What to expect from Modi 3.0?

If the BJP wins the general election, market observers do not expect significant changes in government policies.

“Modi has set out his vision for achieving developed market status by 2047 and will focus on the continued implementation of policies to achieve that goal,” says Stephen Dover, Head of the Franklin Templeton Institute.

Dover names the goods and services tax reform in 2017, which has doubled collections to $180 bn. “With rising tax revenues, the government has been able to support green investments and amplify its focus on investment in information technology hardware.

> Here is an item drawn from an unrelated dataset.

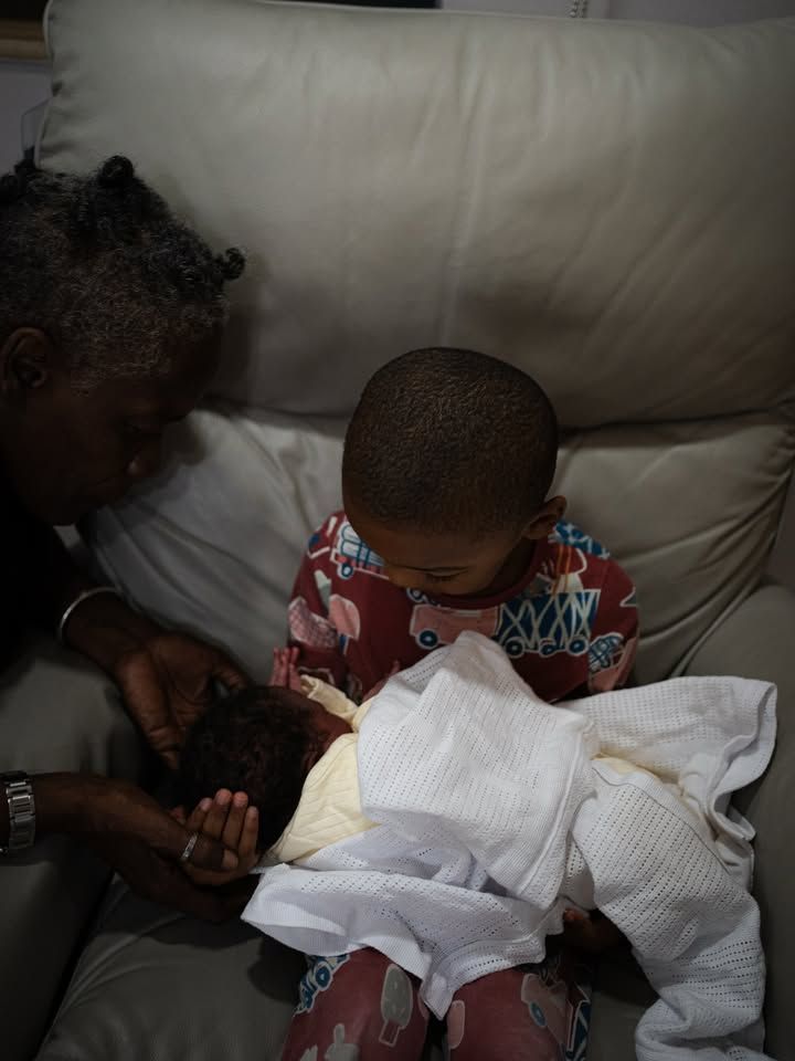 Family life now grows in calm, steady, cheerful steps. New shots show snugs, kisses, and soft, sweet looks. The boy sleeps while big bro leans in with care. Dad keeps watch and mum cradles with easy grace.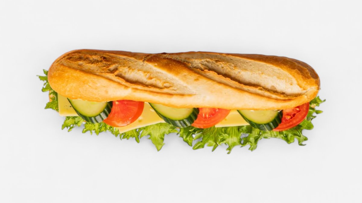 Vehnäpatonki, jonka täytteenä Emmental juustoa, kurkkua, tomaattia ja salaattia

Recently, there has been a focus on investment in semiconductors, as policymakers seek to increase domestic supply and diversify the technology sectors’ reliance on software services,” Dover explains.

For investors, the India election phase could also generate additional opportunities. “While investors usually approach crucial elections with a sense of trepidation, we believe the favourable opinion polls leading up the national polls should mitigate concerns over political stability and policy stability,” said Nilang Mehta, Portfolio manager, Indian equity strategy

JPMorgan Private Bank points out that election-induced short-term volatility could provide an opportunity to “buy the dip”.

“We remain convinced of the structural growth opportunity in Indian equities,” Alex Wolf, Head of Investment Strategy for Asia at JPMorgan Private Bank, wrote in an insight. “Long-term investors could be at least ‘neutral’ relative to the benchmark, and a strategic ‘overweight’ is warranted in our view.”